I requested pockets in the jacket just so that was another way Frosine could choose to stand. My lovely friend [actor] Helen Thomson said she kept looking at my shoes because I danced around with these little tiny leather boots. She was laughing at my feet!”
4. Work the face
“Frosine has this slightly white face with heavily red cheeks and pursed drawn-on lips. It’s a design choice. So I developed a thing where everything is very forward with the mouth.
My character is always smiling and trying to draw Harpagon in, thinking she’s quite attractive. I guess that’s a little bit like Edina, too. When she would pull her teeth back, her smile was like a shark, very disconcerting …”
5. Double takes and sudden stops
“One of the exercises we did for fun in rehearsals was working on our double takes and triple takes – even a quadruple take!
And we did a lot of moving through the space at different speeds. If we moved very slowly, could we still be seen? If I open the door and creep in, no one sees me. But if I come in like this! People see me!
I always think of John Cleese. He used that manic physicality in his body and then would just stop, freeze like a rabbit in a spotlight. The incongruity in that moment is hilarious.”
6. Funny walks and silly dances
“There’s a scenes when I’m teaching John’s character how to be sexy. It comes from me looking up John Travolta in Saturday Night Fever and that walk down the street he does. It starts off fairly simply with a hip thrust and then we add the arms. Then we add a bit of a bounce in the neck … But of course John looks like an old rooster, then he falls over and has a geriatric meltdown.
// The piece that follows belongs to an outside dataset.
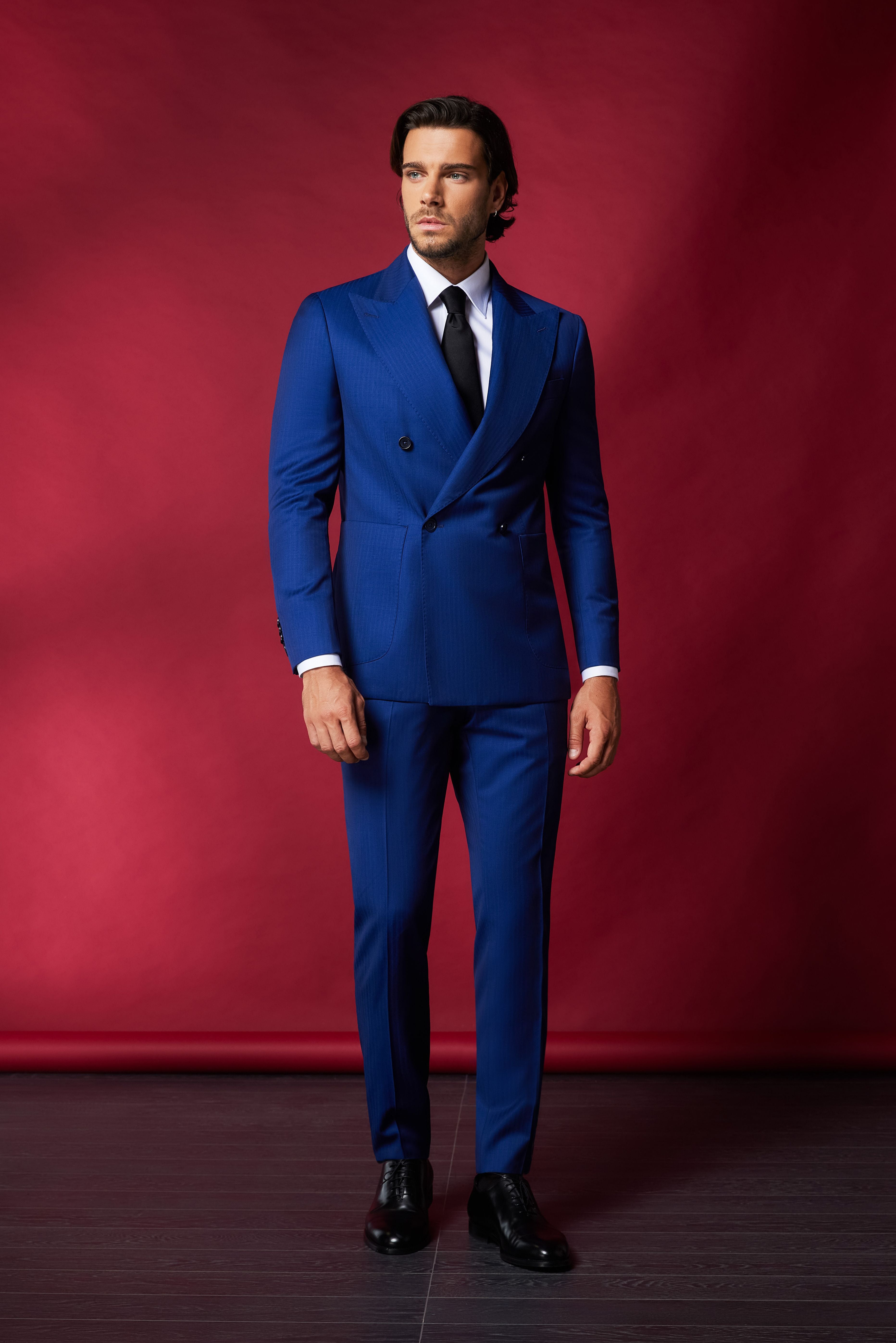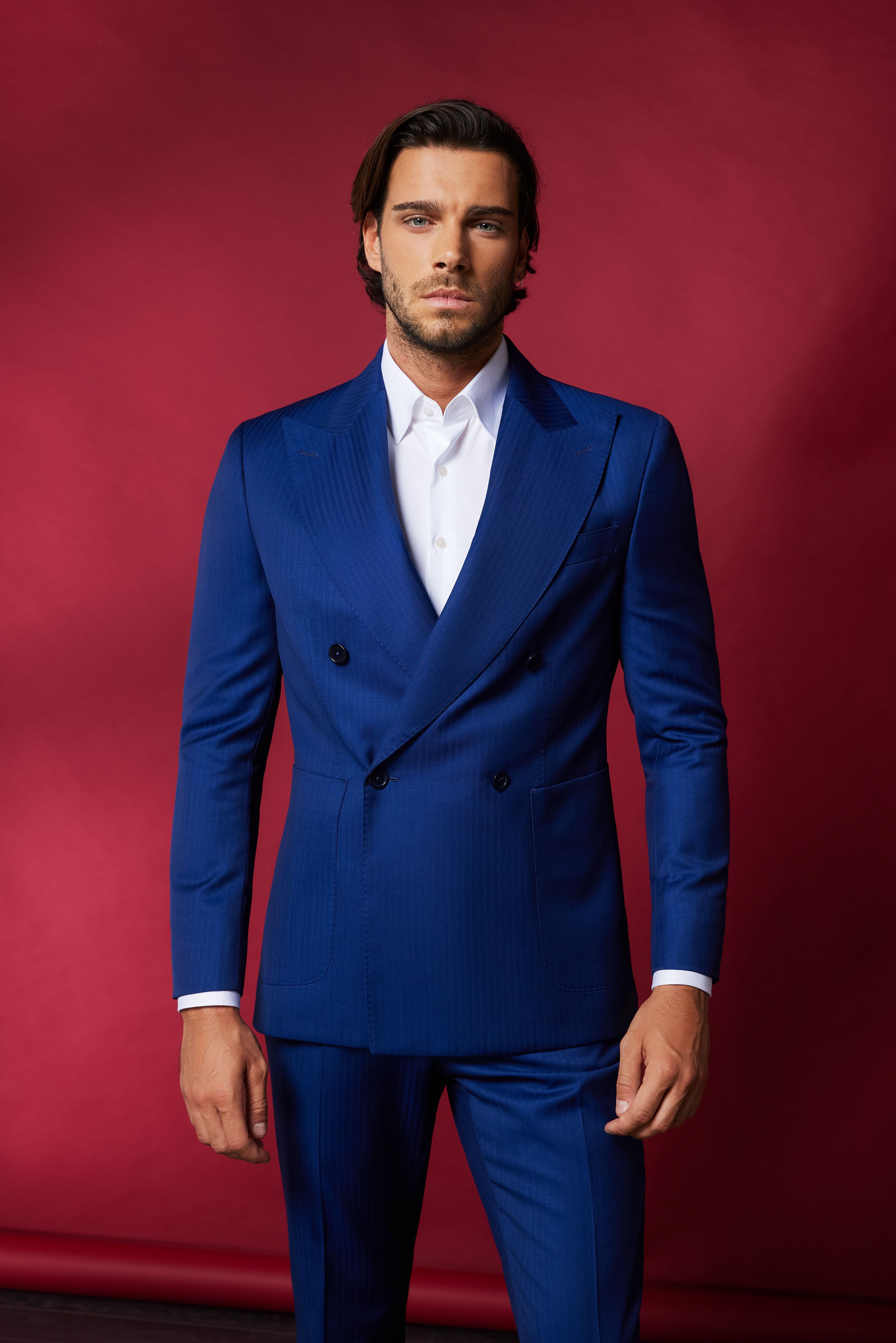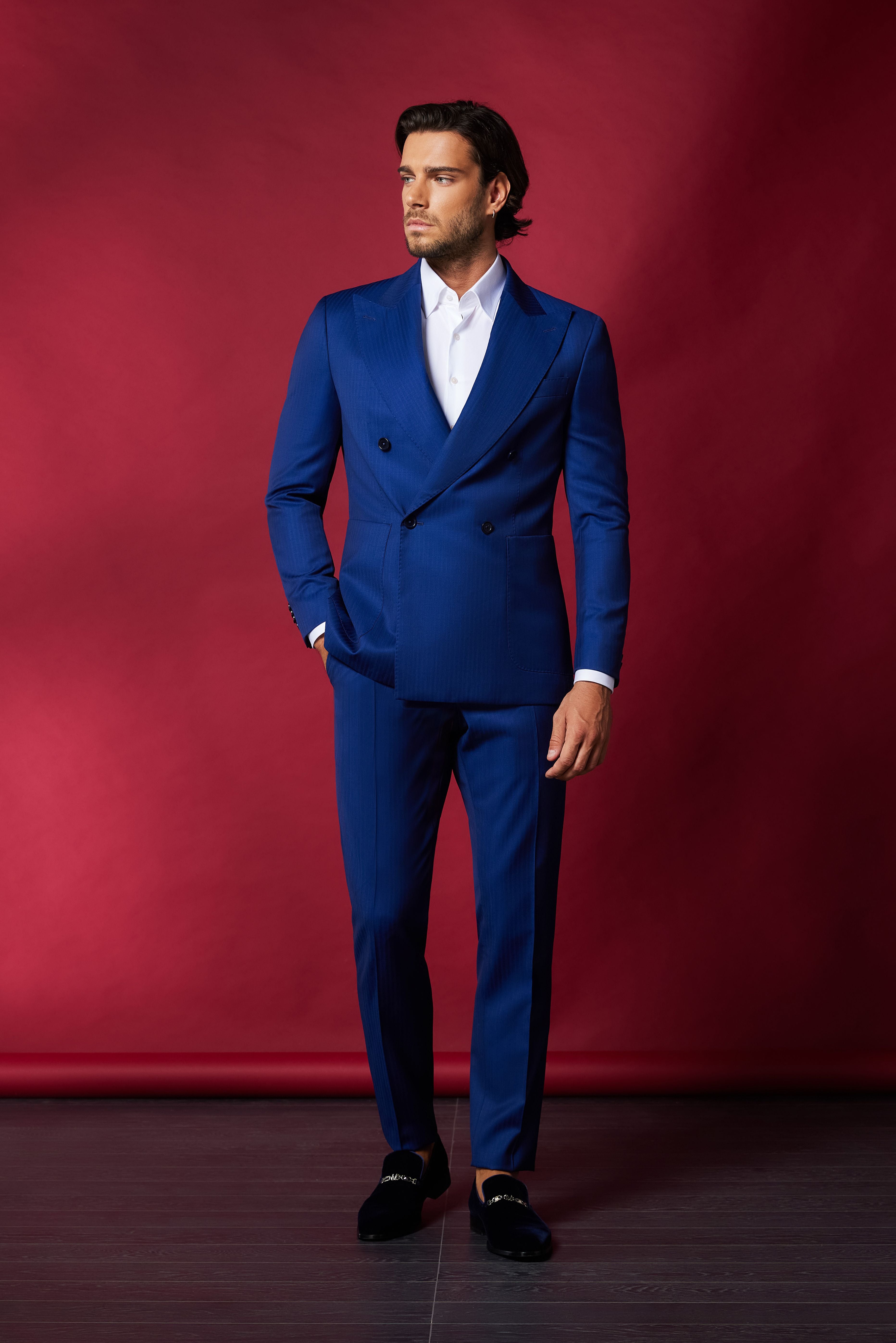 Una dintre culorile preferate ale verii in materie de costume barbatesti este albastrul. Costumele double-breasted sunt potrivite pentru evenimente mai oficiale, iar acest costum poate fi purtat la o nunta, dar si la o intalnire de afaceri.

None of that is in the script. Justin Fleming didn’t write, ‘pause for a silly walk’. It all came from rehearsal.
John keeps building on what he did on opening night and now he’s all over the place. It’s hilarious. I’ve had to really stop myself laughing. He’s incredibly fit, that man, unstoppable.”
7. Group effort
“Comedy absolutely requires the attention and the skill and the focus of everyone on stage. You’re never funny on your own. You have to be given the space and the full attention and focus. All the heads have to snap in your direction or it doesn’t work.
You’re only as good and as interesting as the people you’re on stage with and everyone in this cast is a comic actor. When I’m backstage – I don’t come on for about 45 minutes – I love listening to the show. The consistency of each performance is really remarkable. I’m so impressed with everyone.”